Ramannuja began to show his genius by the age of 12 as he began inventing new theorems. He excelled in mathematics. His teachers were unsure whether he is a genius or a fraud. At the instruction of one of his teachers, Ramanuja sent off a letter to Cambridge based renowned mathematician G.W. Hardy presenting to him some of the theorems he had invented. Hardy was deeply impressed with the genius of Ramanuja and invited him to work under him in Cambridge. He became a member of the London Mathematical Society in 1917 and a Fellow of the Royal Society in 1918. He died in 1920 at the age of 32.
Ramanjua considered math as an art form. He had no hesitation in clubbing mathematics and spirituality together. He thought of zero to be a representation of the Absolute Reality. Ramanuja considered mathematical equations to be capable of leading us closer to the understanding of a spiritual universe.

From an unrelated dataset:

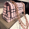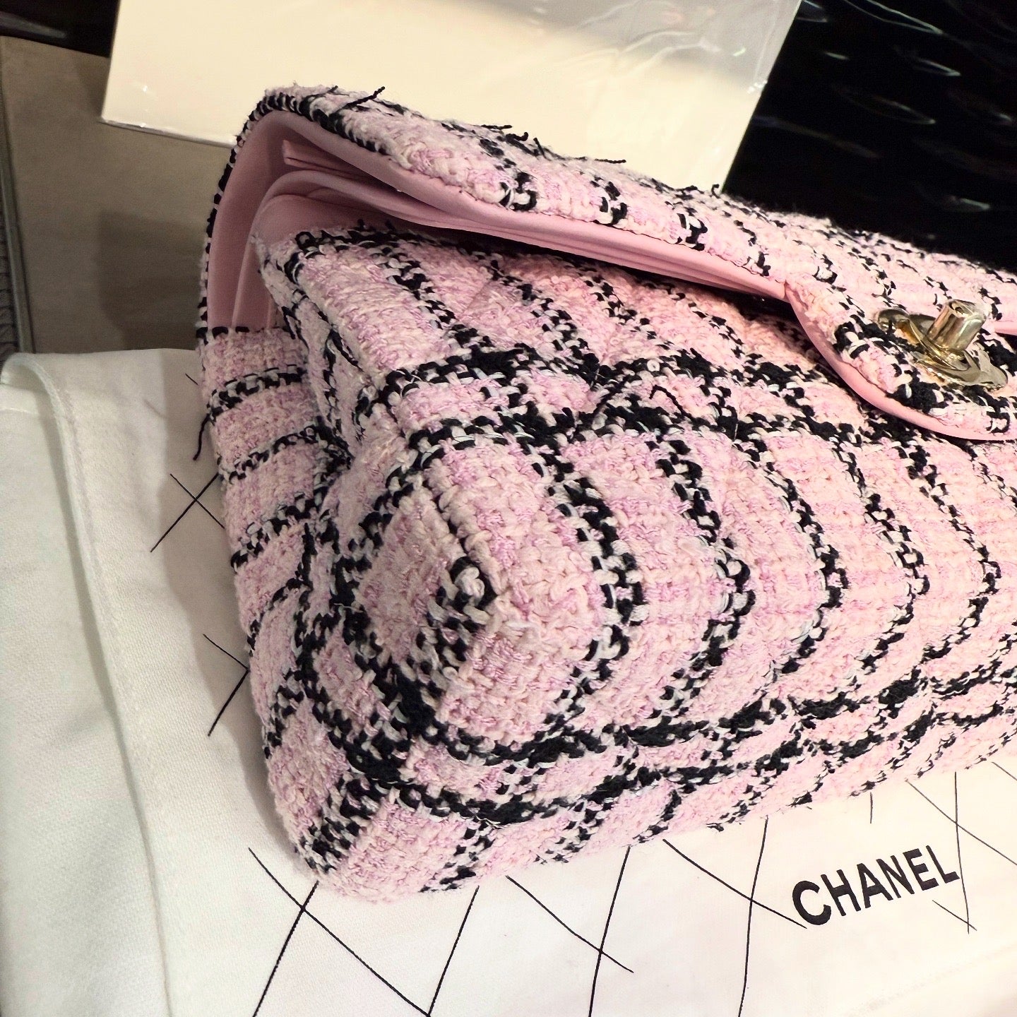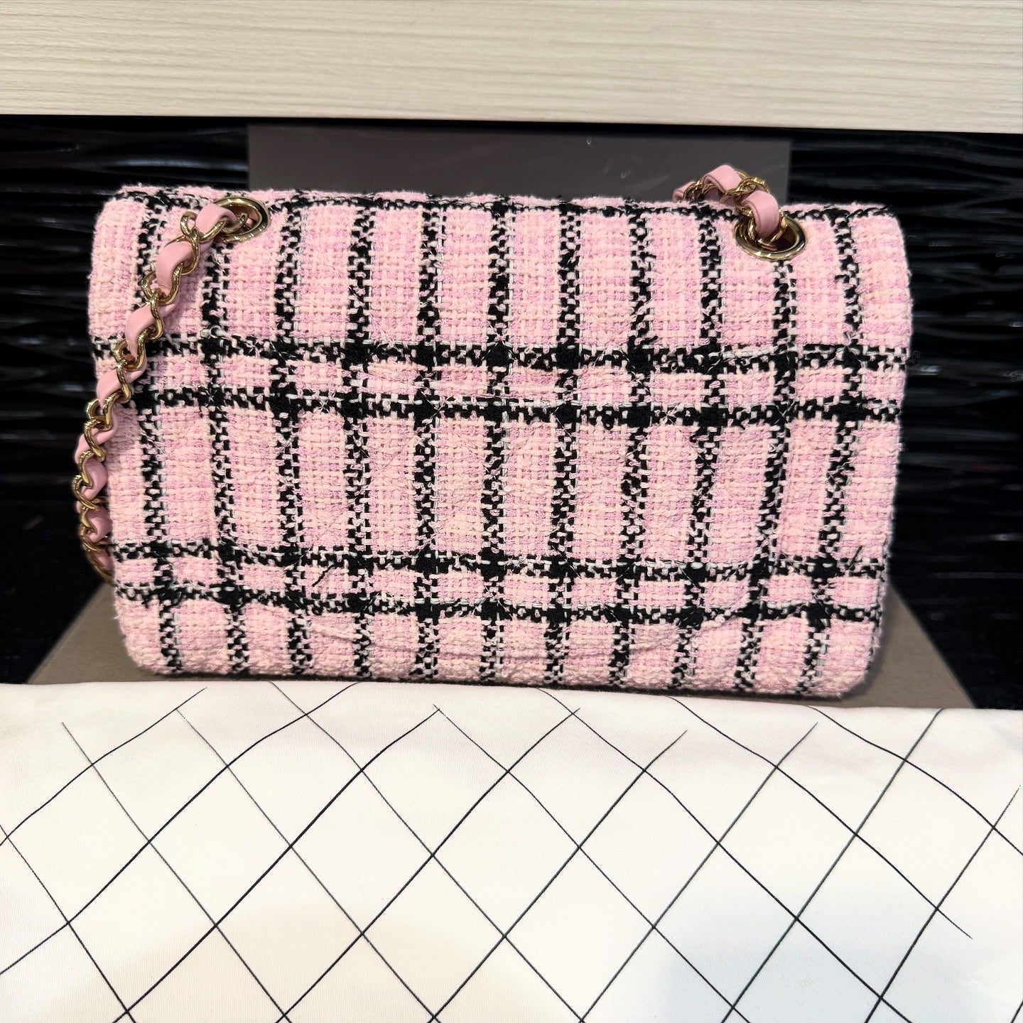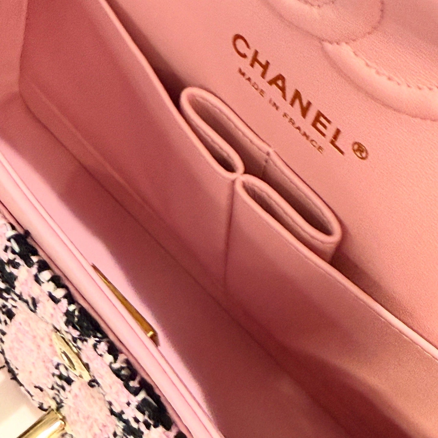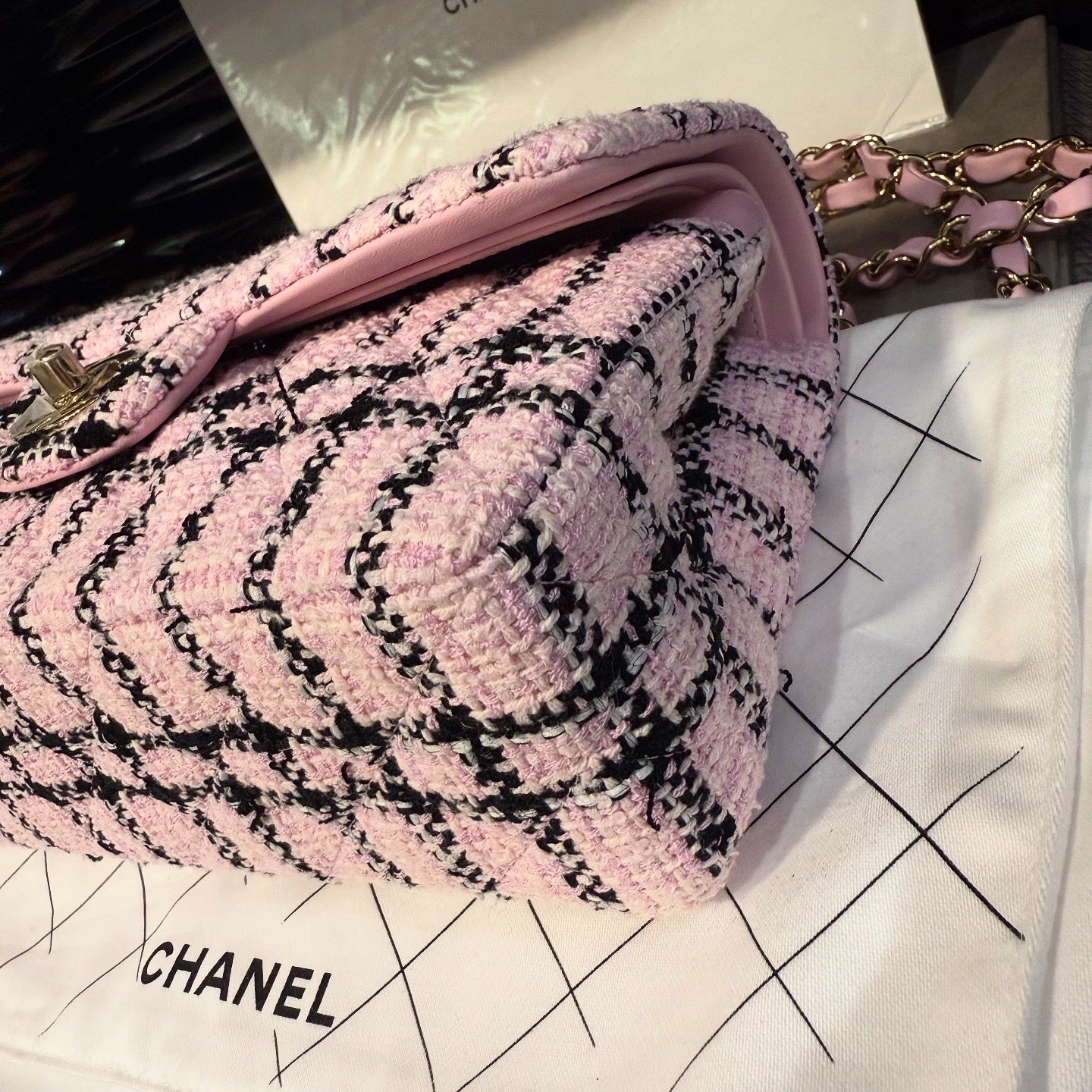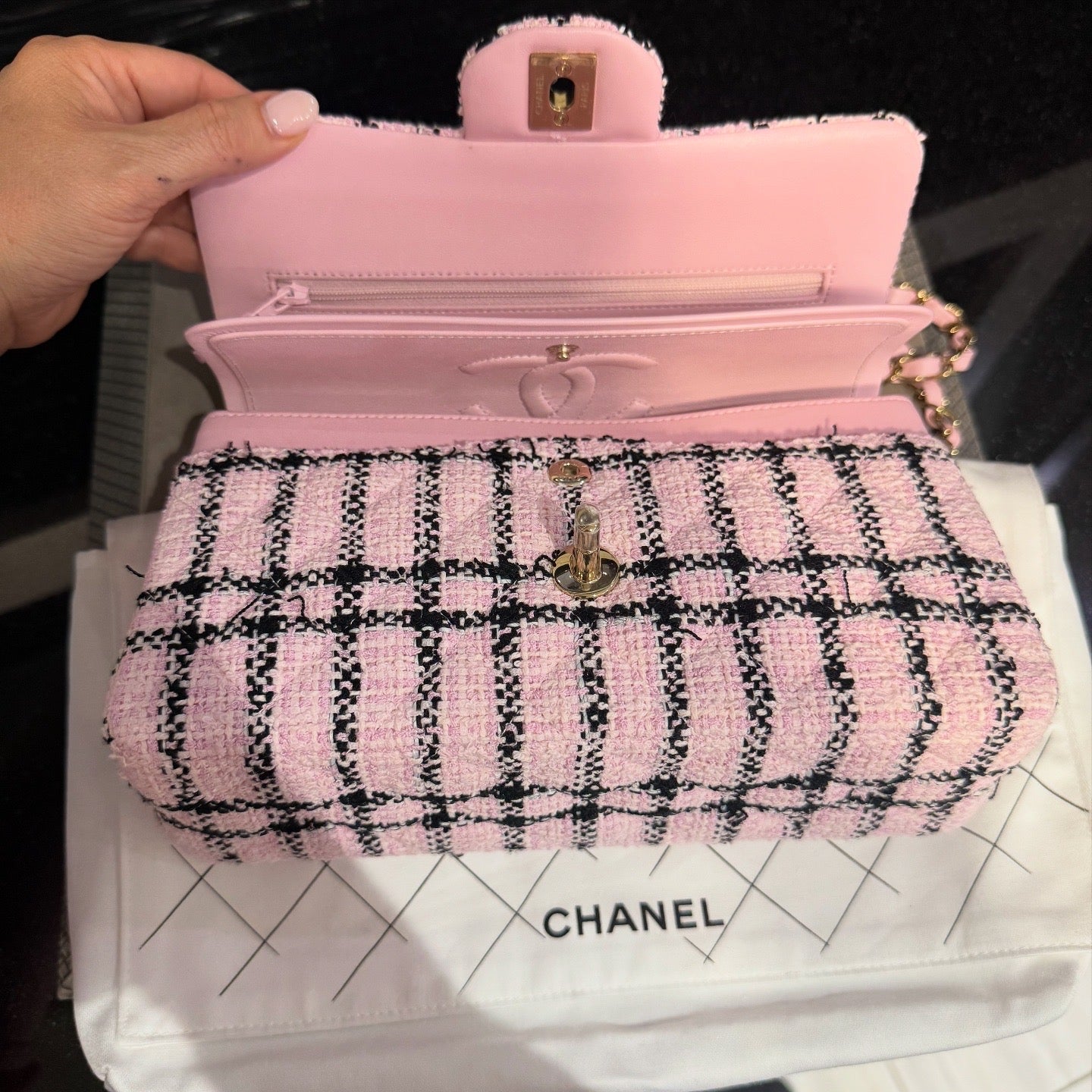 Unworn Chanel Small Classic Flap Bag – Pink & Black Tweed with Gold-Tone Hardware

The Man Who Knew Infinity, is a film about the Cambridge days of Sirinivasa Ramanujan. This film pictures an interesting discussion between Ramanujan and Hardy as to how does Ramanuja get his mathematical intuition. Hardy is a hard-core atheist. To him Ramanuja says: “I don’t know; it just happens; it’s like a revelation; it just comes floating in… It must be God; it has to be the mind of God engaging with me, otherwise how to explain these revelations that I see in a flash?” Of course, Hardy did not subscribe to his views. Ramanujan held that there is a mystic connection between his mathematics and his religious vision. Hence the famous saying by Ramanuja: “An equation for me has no meaning unless it expresses a thought of God.”
Ramanuja had a filial devotion to the family goddess in Namakkal, Goddess Mahalakshmi. He has stated occasionally that the Goddess is probably dictating the mathematical wisdom directly into his mind. Sitaraman Shankar writes in Hindustan Times, “Perhaps Ramanujan tapped into a spiritual well from which numbers flowed forth – what else could explain the fact that a man with no formal training in high mathematics produced such complex and significant work?…Decades after his death, his mathematical results have been put to application in fields as diverse as crystallography and black holes; is it fanciful to extend his statement on equations and the thought of God to other disciplines?”